1. The defendant's appeal is dismissed.

2. The costs of appeal shall be borne by the Defendant.

Purport of claim and appeal

1...

Reasons

1. The reasoning of the judgment by the court of first instance is as follows, except for the modification of Article 3(3) (No. 4, No. 11, and No. 17) of the judgment by the court of first instance, and therefore, it is identical to the reasoning of the judgment by the court of first instance. Thus, it is acceptable to accept

2. The modified part;

A. As to the assertion that a person has a title to possession, the Defendant of statutory superficies under the customary law (1) is the Defendant of the legal superficies: C. C. 407m2, D. 1,808m2, E. 46,810m2 (hereinafter “each land of this case”).

I and J, the owner of which was K (hereinafter referred to as “instant inspection”)

Since L acquired legal superficies under the customary law on each of the instant land for the possession of the instant temple, the Defendant asserts to the effect that L succeeded to the legal superficies under the customary law with the instant temple.

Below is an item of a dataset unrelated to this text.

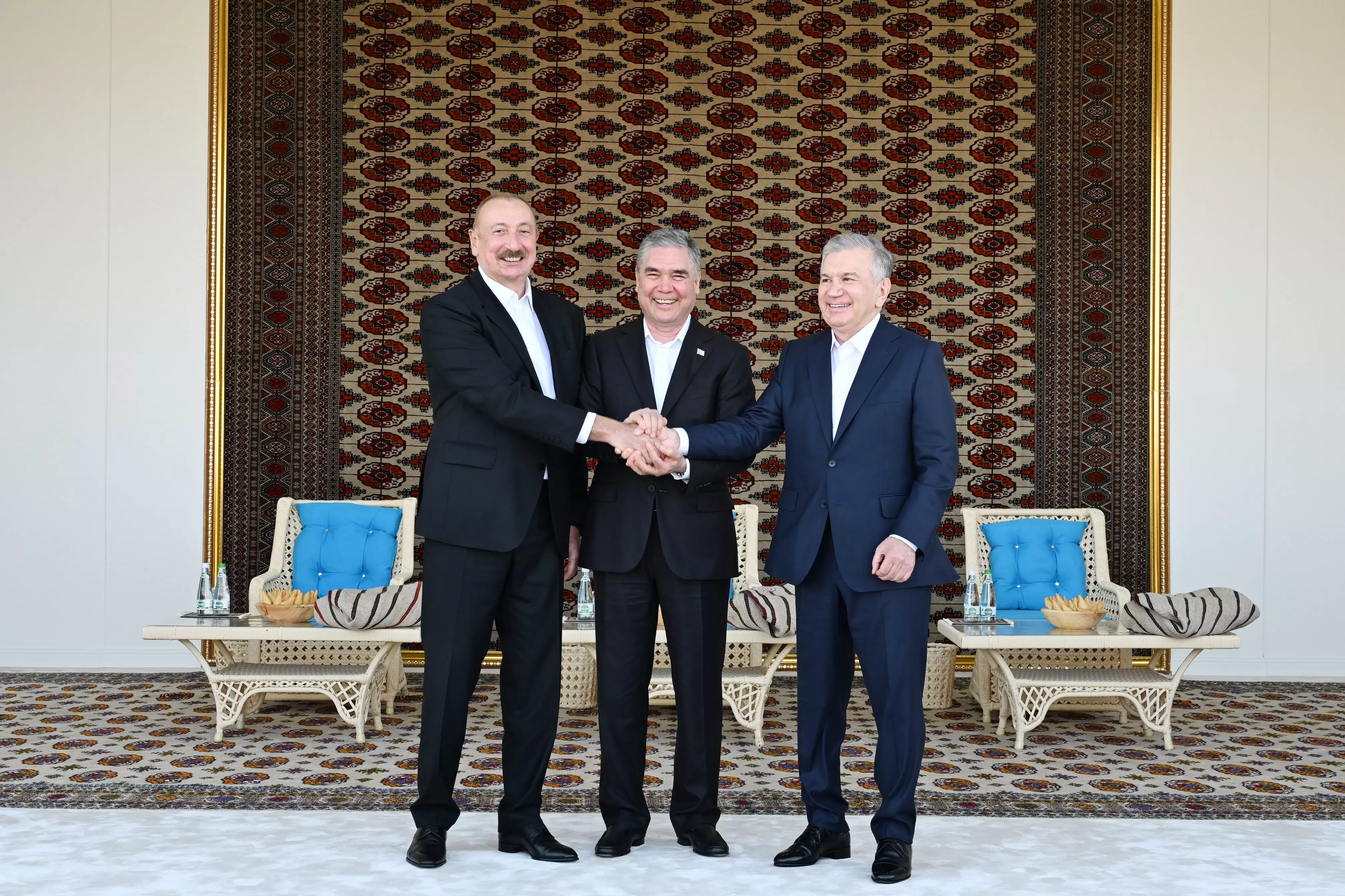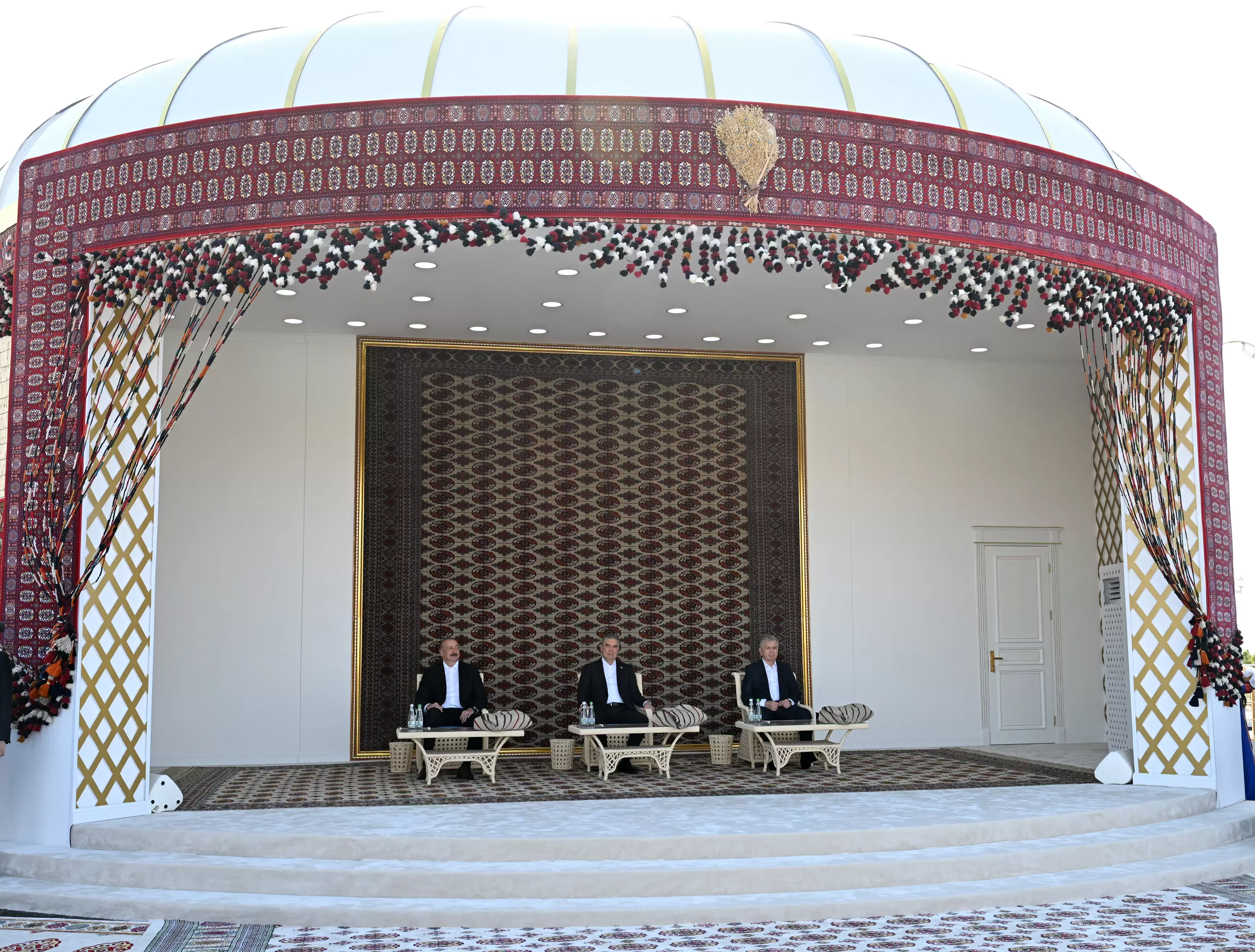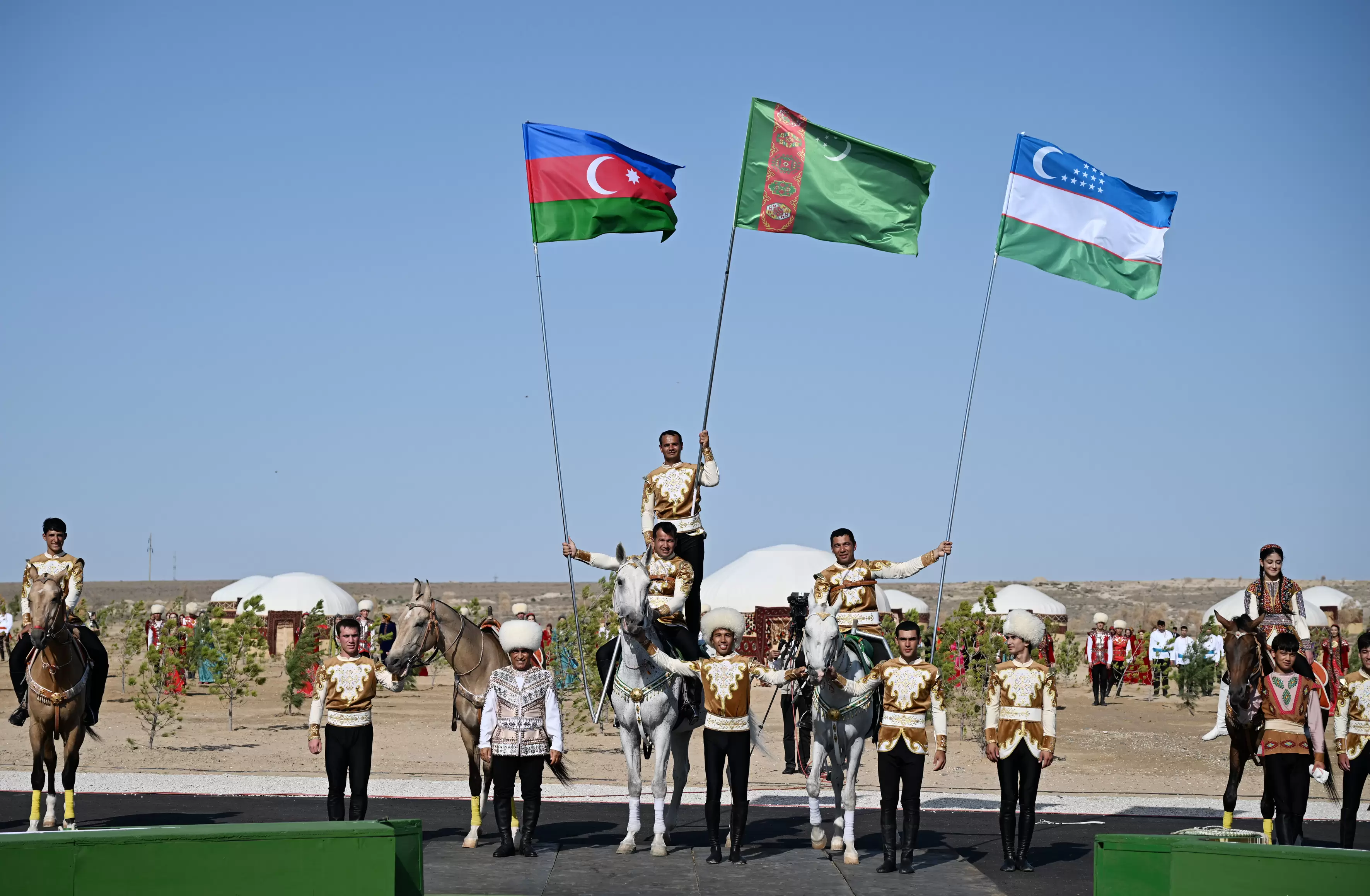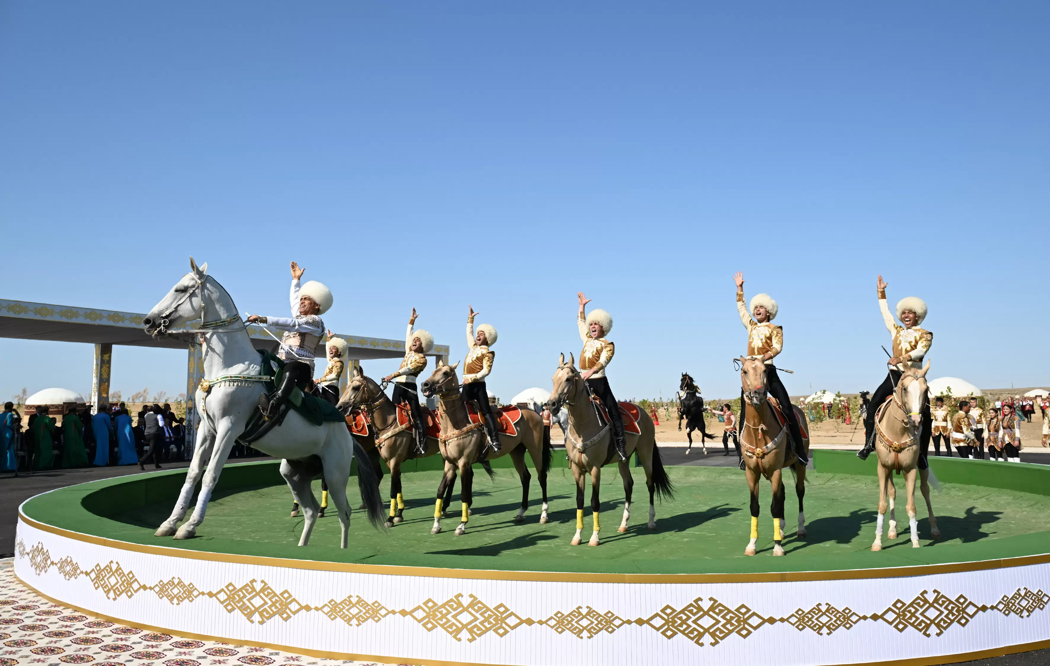 Avqustun 22-də Azərbaycan Respublikasının Prezidenti İlham Əliyev, Türkmənistan Xalq Məsləhətinin sədri Qurbanqulu Berdiməhəmmədov və Özbəkistan Respublikasının Prezidenti Şavkat Mirziyoyev Türkmənbaşı şəhərində “Axaltəkə” atlarına və milli “Galkynysh” atlı qrupunun çıxışına baxıblar.

However, the evidence submitted by the Defendant alone is insufficient to acknowledge the fact that I and J newly built the instant temple and donated it to L, and there is no other evidence to acknowledge it. Rather, considering the overall arguments in the evidence No. 1-2, No. 2, No. 2, No. 2, No. 3, No. 3, and No. 18, I and J completed the registration of ownership transfer on December 24, 1969 with respect to each of the instant real estate on the ground of sale on December 19, 1969, since the instant temple continued to purchase them on the ground that it acquired them on December 19, 1940, the Defendant asserted to the effect that each of the instant land was occupied by the Defendant’s intention to occupy the superficies and each of the instant temple, which is one of the instant temple’s possession after the instant temple.

However, regarding the land of another person.